## [GIVEN INFORMATION]
*** Block opens ***

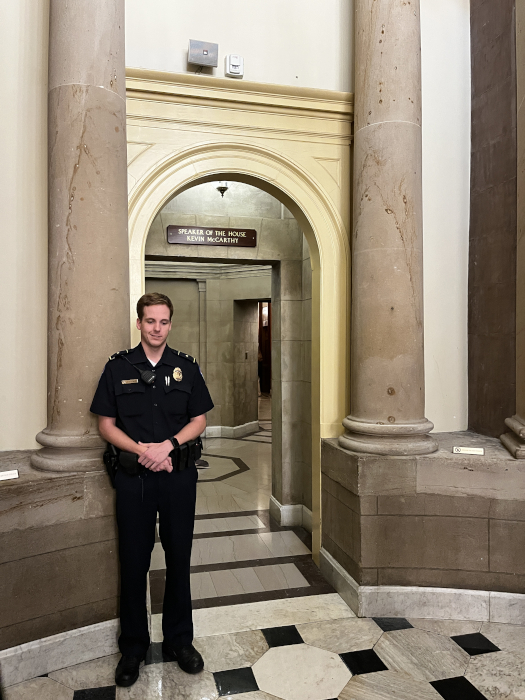 This poor guy had to guard the door of Kevin McCarthy's office while everyone takes pictures of the now-incorrect signs that says he is Speaker of the House.
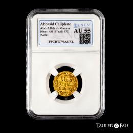 Sulayhids. 'Arwa bint Ahmad. 1/2 dinar. 487 AH?. Dhu Jibla. (Album-1078.1). (ICV-1107). Anv.: Shiite Kalima in three lines; blundered mint and date formula around. Rev.: The name of her deceased husband, al-Mukarram Ahmad b. 'Ali with his title in four lines; citing the Fatimid caliph al-Mustansir with his title as "amir al-muminin". . 1,17 g. AU. Est...400,00.
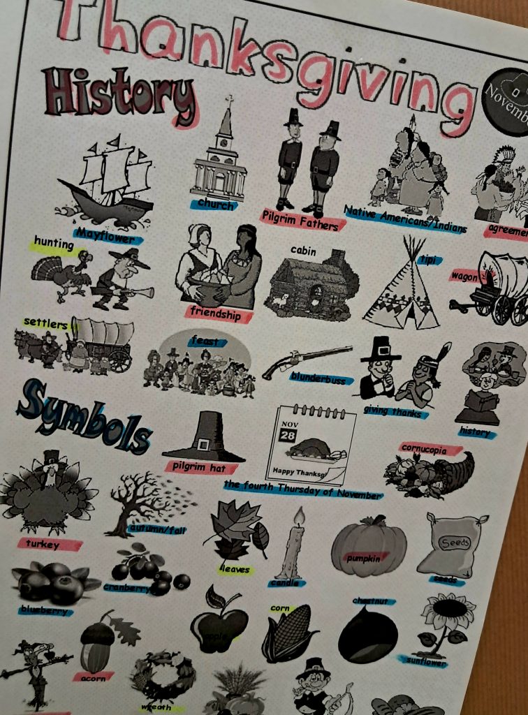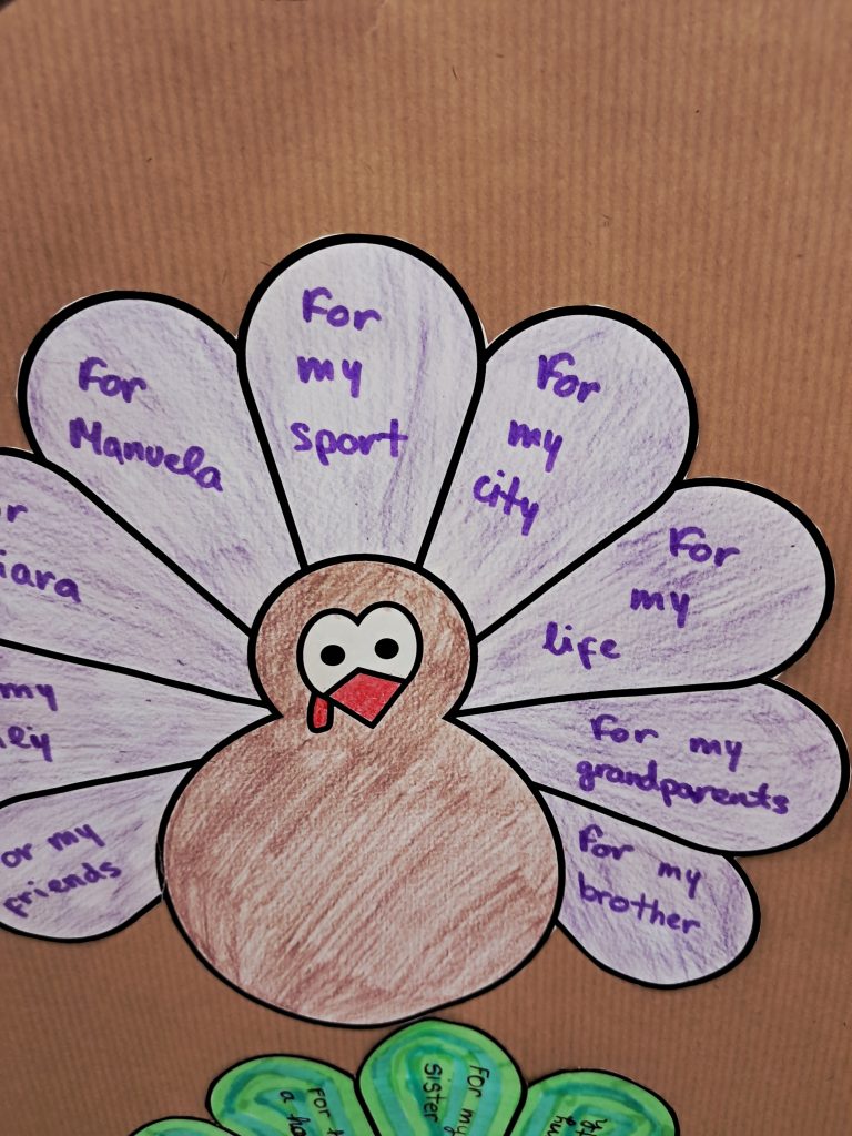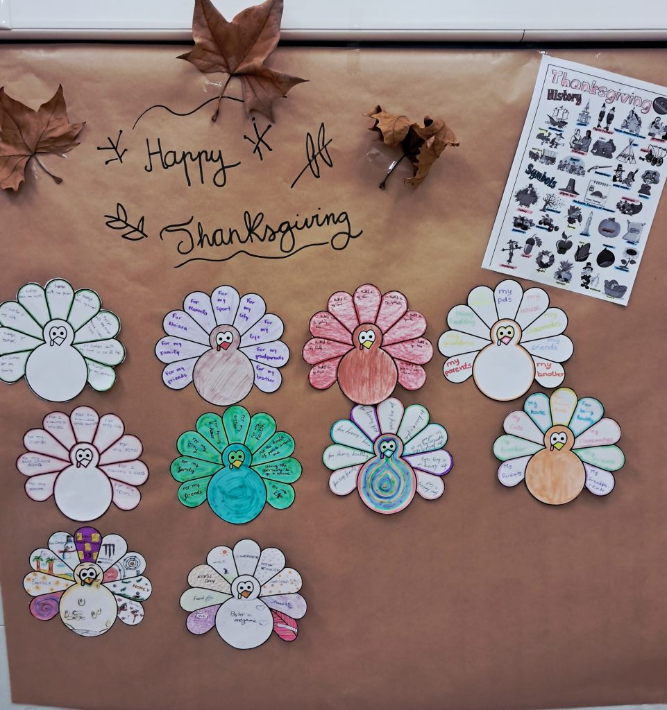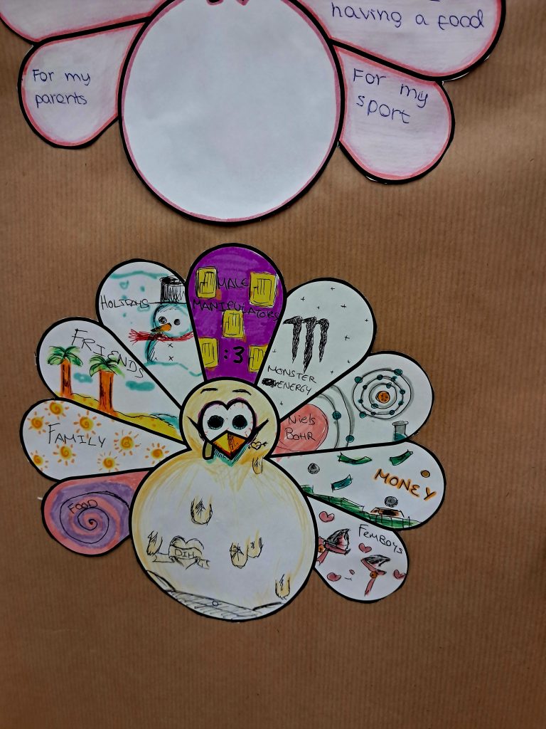 The students of 2 eso and 4 eso have celebrated thanksgiving day. We have given thanks for all the things that we have. We have created some murals with turkeys.
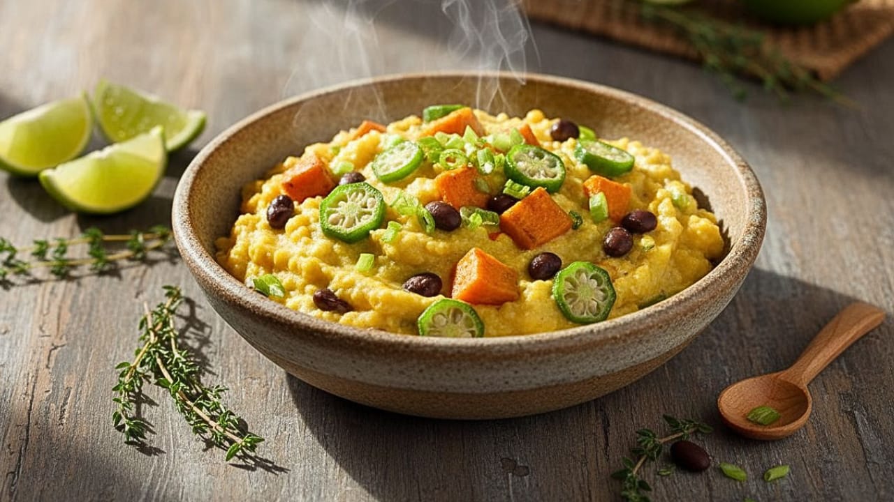 This nourishing take on Barbados' beloved cou cou elevates the traditional cornmeal and okra foundation with protein-rich black beans and antioxidant-packed sweet potatoes. Okra provides impressive nutrition including vitamins C and K, antioxidants, and fiber that supports heart health and blood sugar regulation, while sweet potatoes contribute beta-carotene and complex carbohydrates. This one-pot Caribbean classic delivers complete nutrition for longevity-focused eating, transforming a simple side dish into a satisfying, diabetes-friendly main course that celebrates Bajan culinary heritage..

*** Block closes ***

## [WORK INSTRUCTIONS]
Would you please repeat the lines above exactly, from the first line of the listing through the line holding "The students of", with nothing added and no pictures?

## [TASK RESPONSE]
 This poor guy had to guard the door of Kevin McCarthy's office while everyone takes pictures of the now-incorrect signs that says he is Speaker of the House.
 Sulayhids. 'Arwa bint Ahmad. 1/2 dinar. 487 AH?. Dhu Jibla. (Album-1078.1). (ICV-1107). Anv.: Shiite Kalima in three lines; blundered mint and date formula around. Rev.: The name of her deceased husband, al-Mukarram Ahmad b. 'Ali with his title in four lines; citing the Fatimid caliph al-Mustansir with his title as "amir al-muminin". . 1,17 g. AU. Est...400,00.
 The students of 2 eso and 4 eso have celebrated thanksgiving day. We have given thanks for all the things that we have. We have created some murals with turkeys.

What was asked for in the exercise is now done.